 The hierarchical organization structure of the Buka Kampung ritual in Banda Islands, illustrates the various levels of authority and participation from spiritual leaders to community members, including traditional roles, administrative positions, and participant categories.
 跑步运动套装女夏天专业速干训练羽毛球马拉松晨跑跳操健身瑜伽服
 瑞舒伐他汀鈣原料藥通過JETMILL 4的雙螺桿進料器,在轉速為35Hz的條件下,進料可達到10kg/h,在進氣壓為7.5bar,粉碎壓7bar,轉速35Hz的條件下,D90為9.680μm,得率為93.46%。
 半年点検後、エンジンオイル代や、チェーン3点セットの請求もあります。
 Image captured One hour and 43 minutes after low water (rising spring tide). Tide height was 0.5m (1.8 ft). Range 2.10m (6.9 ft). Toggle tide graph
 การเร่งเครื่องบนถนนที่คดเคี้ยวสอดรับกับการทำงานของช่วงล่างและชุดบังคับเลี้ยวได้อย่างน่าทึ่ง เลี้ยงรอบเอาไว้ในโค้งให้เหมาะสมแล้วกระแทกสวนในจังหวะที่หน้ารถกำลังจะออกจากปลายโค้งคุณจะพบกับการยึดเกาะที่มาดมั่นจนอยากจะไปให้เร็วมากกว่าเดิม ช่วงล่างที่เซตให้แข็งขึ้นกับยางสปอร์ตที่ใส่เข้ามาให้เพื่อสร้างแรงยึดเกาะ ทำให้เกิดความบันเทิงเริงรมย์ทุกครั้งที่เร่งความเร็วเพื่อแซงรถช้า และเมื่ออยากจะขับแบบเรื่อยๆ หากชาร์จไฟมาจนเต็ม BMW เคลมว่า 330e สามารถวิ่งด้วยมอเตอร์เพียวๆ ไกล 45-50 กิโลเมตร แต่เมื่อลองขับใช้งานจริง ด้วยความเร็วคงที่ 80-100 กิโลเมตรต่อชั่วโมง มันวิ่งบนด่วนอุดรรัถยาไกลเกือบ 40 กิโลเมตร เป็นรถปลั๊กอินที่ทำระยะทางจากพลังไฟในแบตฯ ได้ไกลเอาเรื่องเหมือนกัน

* * *

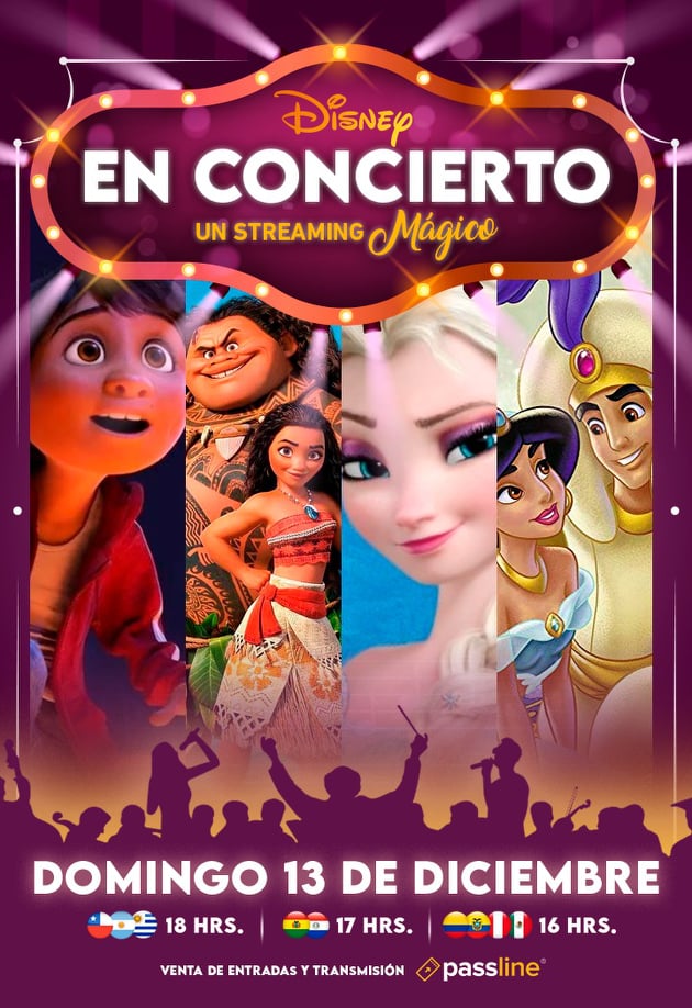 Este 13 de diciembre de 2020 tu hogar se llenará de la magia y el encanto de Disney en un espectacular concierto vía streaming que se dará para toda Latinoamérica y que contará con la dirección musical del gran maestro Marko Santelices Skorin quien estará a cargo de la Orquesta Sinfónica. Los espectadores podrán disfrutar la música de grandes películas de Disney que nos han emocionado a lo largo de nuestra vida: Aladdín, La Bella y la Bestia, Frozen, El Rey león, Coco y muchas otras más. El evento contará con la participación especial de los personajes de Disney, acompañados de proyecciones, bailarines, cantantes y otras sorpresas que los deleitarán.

◆ Directions
Taking the listing above as the source, transcribe only the lines starting at the line with "半年点検後、エンジンオイル代や、チェーン3点セットの請求もあります。" and going through the line with "Image captured One", unaltered and with both ends included.

◆ Output for this exercise
 半年点検後、エンジンオイル代や、チェーン3点セットの請求もあります。
 Image captured One hour and 43 minutes after low water (rising spring tide). Tide height was 0.5m (1.8 ft). Range 2.10m (6.9 ft). Toggle tide graph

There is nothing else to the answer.